Fortunatamente riuscì a sorvolare il piccolo ostacolo. Camminarono intorno al muretto, cercando la parte più agibile e bassa per scavalcare. Raul sorrideva appena, divertito dall’aria di sfida di lei. Finalmente trovarono un tratto di muro che sembrava scavalcabile. Alice aiutò Billy a oltrepassarlo, dopodiché fece leva sulle braccia per tirarsi su. <<Ti faccio la scaletta.>> propose gentilmente Raul, mettendo entrambe le mani all’altezza del ginocchio di Alice, consentendole così di fare peso e poter scavalcare. Lei lo trovò un aiuto abbastanza dignitoso, e gli piantò un piede sulla mano dandosi la spinta. Scavalcò senza troppi problemi, poi con un salto si lasciò cadere dalla parte opposta. Il ragazzo scivolò al suo fianco poco dopo, per nulla scomposto. Si ripulì le mani sporche di terra sui suoi stessi jeans e Alice rimase a fissarlo, improvvisamente rapita. Gli aveva riempito le mani con il fango che aveva sotto le scarpe e lui non aveva battuto ciglio. Alessandro le faceva scenate terribili solo se gli sfiorava i capelli. <<Eccoci, siamo arrivati.>> Raul sfoggiò uno dei suoi sorrisi più ampi, mentre Alice ammirava stupefatta ciò che li circondava. Era meraviglioso. Alberi centenari, un ruscelletto, un giardino ingiallito. Erano i resti di un vecchio mulino. Dell’antica struttura adesso non restava molto, se non un diroccato edificio su un piano più una piccola mansardina, per metà distrutta. Le mura, color della pietra, erano quasi interamente sovrastate dal verde delle piante rampicanti, e all’esterno, una via fatta con pietruzze colorate ondeggiava tra il manto di foglie ingiallite. Alice aveva la strana e bella sensazione di esserci già stata, in quel luogo, magari moltissimi anni prima. <<Che ne pensi?>> domandò Raul soddisfatto, nemmeno fosse tutta opera sua. <<Incredibile... sembra di essere in un vecchio film.>> Alice era estasiata, tirò fuori la macchina fotografica e iniziò a scattare delle foto. <<Le mie amiche impazziranno quando le vedranno>> Tra i tanti scatti, Alice rubò una foto anche a Raul.

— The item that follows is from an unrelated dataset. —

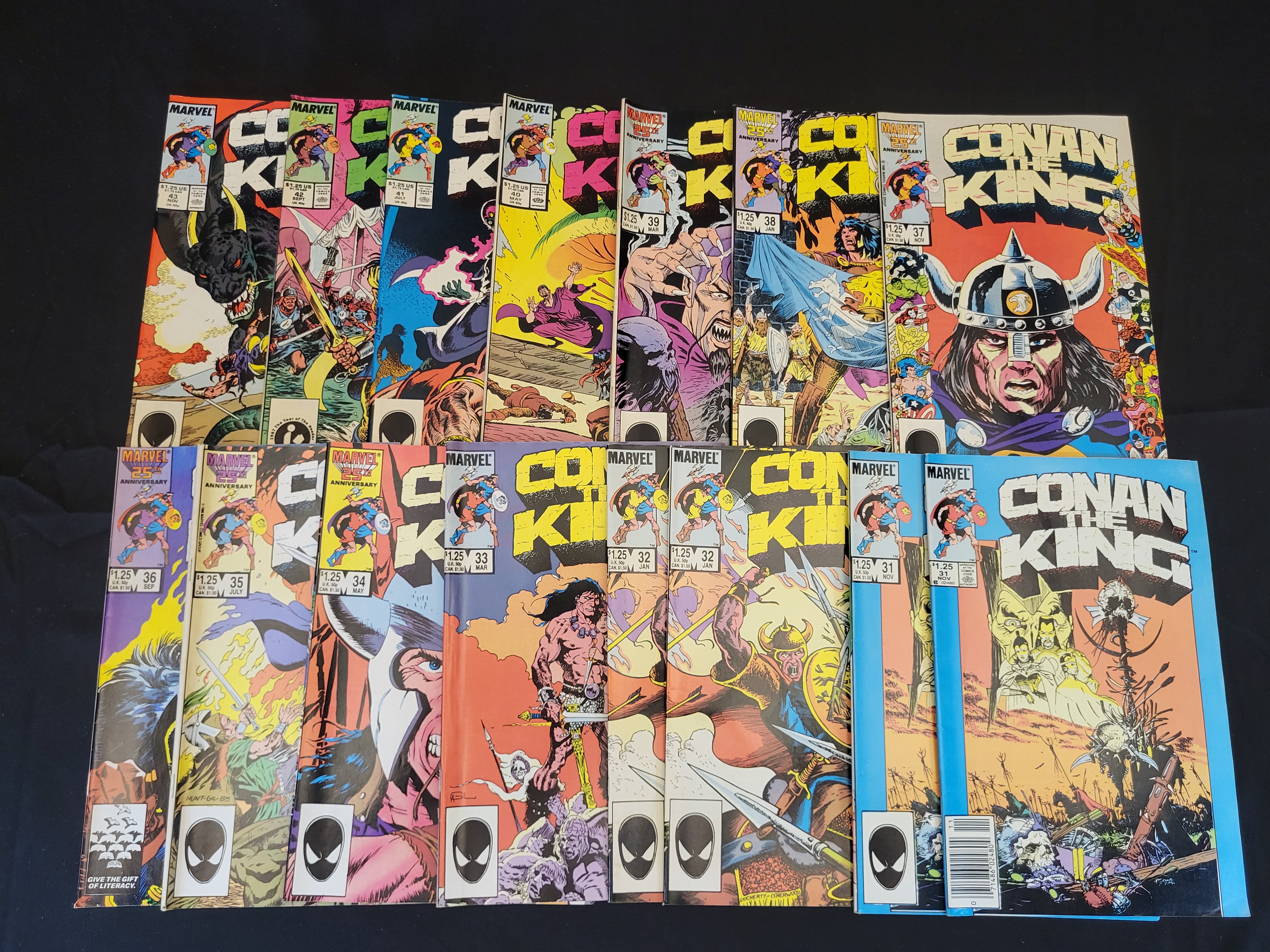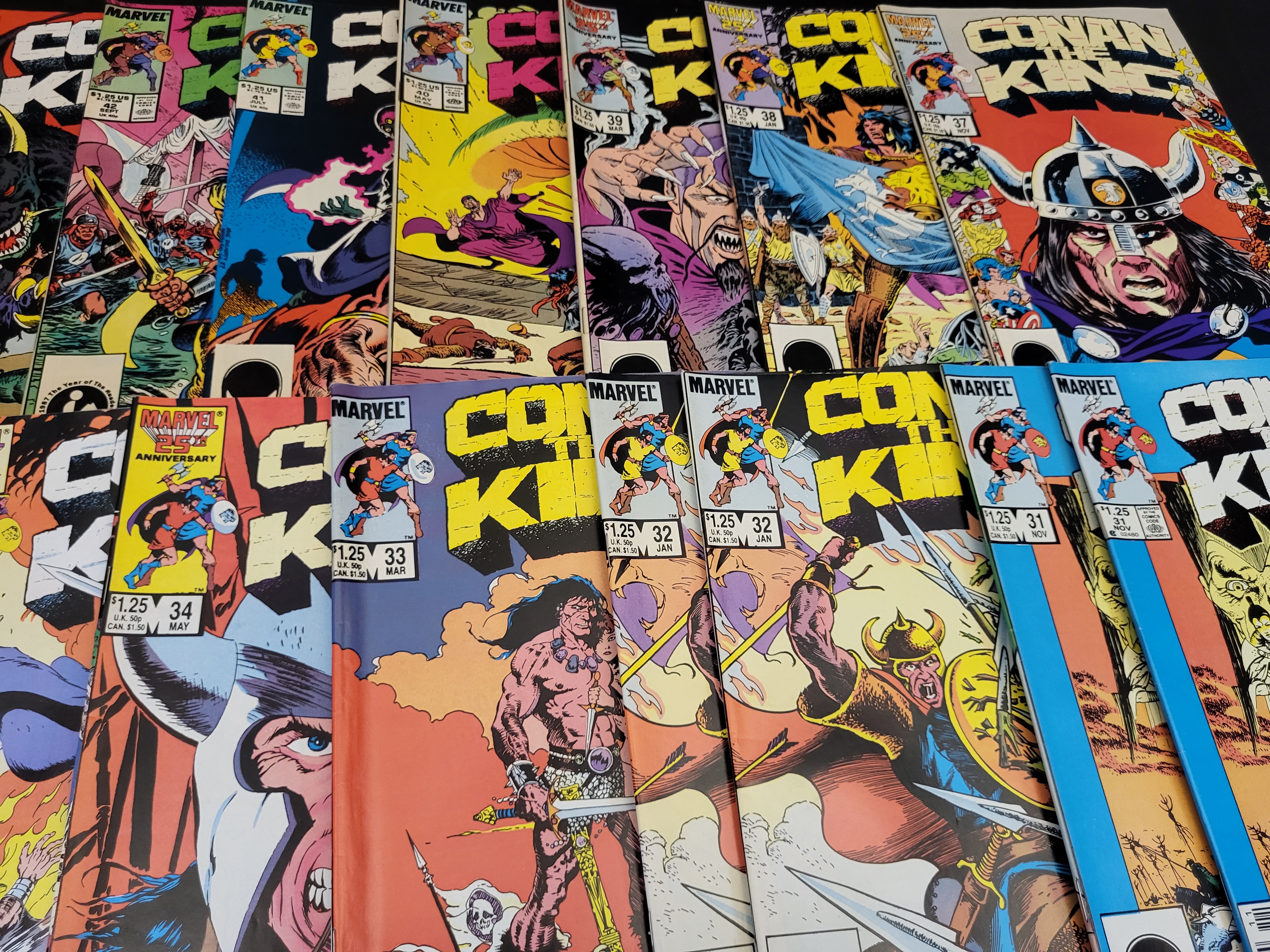 BID PER WHAT YOU SEE IN THE PHOTO, NOT THE AI GENERATED TITLES AND DESCRIPTIONS! This collection features an assortment of Conan the King comic books published by Marvel Comics during the mid-1980s. The group includes various issues ranging from number 31 through 43, with multiple duplicate copies present. Several issues feature the Marvel 25th Anniversary cover logo. The covers display action-oriented fantasy illustrations characteristic of the series. The books are standard comic book format with staple binding and color-printed covers.

Eccolo, in mezzo al giallo e al rosso delle foglie appassite, distratto. Questa volta in foto non ci era finito per sbaglio, questa volta lo aveva scelto lei. <<Vuoi anche l’autografo?>> Raul era a braccia conserte, e Alice scoppiò a ridere. <<E’ che sei ingombrante, non posso fare una foto al panorama che ti ci metti in mezzo.>> scherzò, scattandogli un’altra foto. Raul le prese la fotocamera di mano e iniziò a fotografarla, e nonostante lei si nascondesse tra le braccia riuscì a rubarle alcuni bellissimi scatti. <<Ho imparato la lezione, niente più foto d’improvviso!>> assicurò Alice, tra le risate, e Raul le restituì la fotocamera con aria solenne, prendendola come una promessa. I ragazzi passeggiarono in silenzio attorno al mulino, poi sedettero comodamente sotto un albero, sopra un soffice manto di foglie gialle. Alice ne prese distrattamente una tra le mani, accorgendosi così di vedere la stessa specie di foglia sulla quale aveva trovato la poesia, tempo prima. E allora capì di avere tra le mani la prova che fosse davvero lui il suo poeta. <<Allora… la poesia è veramente tua.>> disse Alice, stringendo il pugno attorno alla foglia. Raul annuì lentamente. Non sembrava particolarmente fiero di quei versi, così Alice decise di infierire. <<Certo, come pezzo non era granché…>> scherzò. Raul si accigliò, e abbozzò un sorriso. Chissà a cosa pensava, quando metteva su quell’espressione indecifrabile. Sicuramente ride di me, pensò Alice, agitandosi. Si guardò le ginocchia senza fiatare. <<Non piace granché neanche a me.>> disse infine Raul, con un sospiro. <<Ma io stavo scherzando… è molto bella.>> Raul la guardò negli occhi, ora era sorpreso. Alice ebbe un brivido, uno strano fastidioso brivido che le percorse la schiena e che non sapeva spiegare. Quei due occhi blu erano così distanti, così profondi.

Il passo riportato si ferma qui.